11. Hereafter, I refer to such a situation as one in which the median members of a substantive committee and the Rules Committee are located on the same side as the floor median.

12. However, Krehbiel (Citation1997) notes that minor specification changes make a huge difference in his results.

13. Schickler's (Citation2000) theory was designed to explain the conditions under which the minority party is advantaged or undermined through the use of rules. Since restrictive rules are one method by which the majority party can undermine the minority party, his insights can prove useful to explain the conditions under which the Rules Committee places restrictive rules on bills.

14. I replaced this measure with one in which I used the committee whose median member has preferences that are the furthest from zero (using first dimension, DW-NOMINATE scores). When I do so, my results do not differ from those that are presented this paper, except that committee distance is only significant at the relatively loose .10-level of significance, using a one-tailed test.

15. Since this variable is a percentage, its values range from zero to 100. A party cohesiveness score of zero indicates a totally incohesive party and a cohesiveness score of 100 indicates a completely cohesive one. I acquired data for both measures from Joseph Cooper and Gerry Young (Cooper and Young Citation1997, Citation2002).

16. I should note that MEDIANFLOOR represents the floor median in each House, MEDIANMINPTY represents the median member of the minority party, MEDIANMAJPTY represents the median member of the majority party and MEDIANADV represents the absolute value of the differences between the floor and the: (1) minority party, and (2) majority party in the current Congress. Finally, ΔMEDIANADV denotes the difference between the MEDIANADV of the current Congress from that of the previous Congress.

17. I substituted the number of bills on which the Rules Committee has placed a rule as a substitute for my workload measure. This variable was not statistically significant, and did not affect the significance patterns of the other variables. This substitution allowed me to test whether workload was not statistically significant because of how I measured it.

18. To compute the change in predicted probability of a bill receiving a restrictive rule, I held the values of all continuous variables at their mean, and all binary variables at zero. To compute this change, I changed the value of that variable from the mean to one standard deviation above it if it was a continuous variable, and from 0 to 1 for each binary variable, while holding all others at their baseline values. For each interactive term, I computed the change in predicted probability by changing the value of each term and its constitutive term from the mean to one standard deviation above it (or, for legislative profile, from 0 to 1).

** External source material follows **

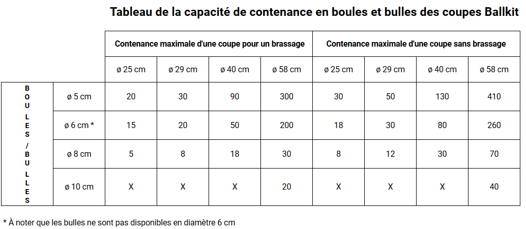 Petits ou grands événements, les produits BallKit sauront répondre à vos besoins. Les coupes transparentes sont disponibles en 25 cm, 29 cm, 40 cm et même 58 cm ! Quant aux bulles plastiques, nous vous conseillons d'opter pour les tailles 5 cm, 8 cm, 10 cm, 12 cm ou 25 cm. N'hésitez pas à vous référer à notre tableau pour connaitre la contenance des coupes plastiques transparentes selon leurs tailles !

19. I also operationalized majority and minority party cohesiveness as the standard deviation of the first dimension, DW-NOMINATE scores for each party in the House in each Congress. I used this operationalization as an attempt to lessen my dependence on vote-based measures. I found that majority and minority party cohesiveness are not statistically significant. While the results are mostly unchanged, committee distance is only significant at the relatively loose, .10-level of significance, using a one-tailed test.

20. To check whether the dummy for constituency service committees sapped the power of the legislative profile hypothesis, I excluded this dummy and found that the constitutive term for this hypothesis was not statistically significant. The results remain the same, except that the dummies for prestige and policy committees become positive and statistically significant.

21. I checked my results to verify that bills from any particular Congress did not drive the results that I obtained. To conduct my robustness checks, I ran my models, and excluded bills from one Congress at a time while including all other Congresses. I discover that the signs on my coefficients and the significance patterns mostly do not change. These models are available from the author on request.